On the board I have another reference to the symbolism of the number 6 that I talk about in Ego and Archetype in interpreting a dream there that particular image of the hexagon came out of the dream that seemed to have some dark aspect to it. That doesn’t show through on the board very well but I know when I was working on that material and I had that particular sketch on my desk one day and 8 year old daughter came by and when she looked at it she shouted: “it looks like the mask of the dark deity”. It doesn’t show up the board but it’s another possible allusion to the sinister aspect of the number 6.
Q&A
Alright. Well we have a few minutes left now so I think I’ll take this opportunity to respond to a question or two.
Question: It’s my understanding which may or may not be correct that you would regard that Jesus in John’s vision to be John’s experience of the deposit in the Collective Unconscious which was left by Jesus the man. However do you feel there’s also an existing ongoing Jesus who exists outside of that deposit, who is both aware of that deposit and of this experience of John. Similarly does the resurrected body refer only to these deposits or is there some form of consciousness continues for individuals at least for victorious individuals following death?

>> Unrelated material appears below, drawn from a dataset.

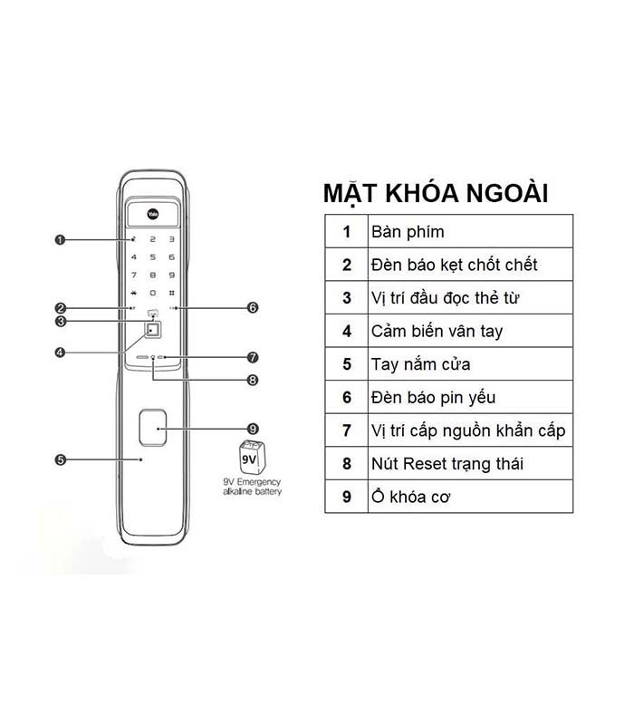| Chức năng mở cửa | Vân tay, Thẻ từ, Mã số PIN, Chìa khóa cơ |

Answer: I’m trying to think where it is in Jung that he talks about the significance of the historical Jesus in relation to the archetypal content that he was carrying. I’m not sure where it is but you wouldn’t have much trouble finding it, if you looked in the general index. His point is that the historical Jesus was another human being who had certain extraordinarily qualities but happened because of the timing to be the recipient of a massive collective projection and the description of that projection has so overlaid the gospel accounts that it’s impossible to separate the historical Jesus from the archetypal overlay that was projected onto him by the collective psyche. Here and there if one closely and perceptively one can detect authentic passages of unique individuality that can’t be derived from the psalms or from the Book of Enoch or from some other traditional location, but there are very few. This is all from the empirical psychological standpoint, you see and Jung is not making any metaphysical pronouncements at all and faith can hold whatever convictions it has without being touched by this because as Jung says in a number of places he’s not addressing his remarks to those happy possessors of faith, he’s talking to those people have dropped out of containment in a faith and are searching for some authentic understanding of what religious phenomena means. So it’s not so much a matter of the historical Jesus leaving a deposit at least at this stage of things as it is of the archetypal symbolism being projected on the the historical Jesus but then the fact that event took place and therefor the archetype manifested for the first time in human history that fact then became a deposit in the archetypal psyche so that there was a kind of a circular happening. It came from the Unconscious and it returned to the Unconscious but having gone through the process of being incarnated and having passed through the consciousness of a countless number of individuals who were caught up in the religious convictions that were generated.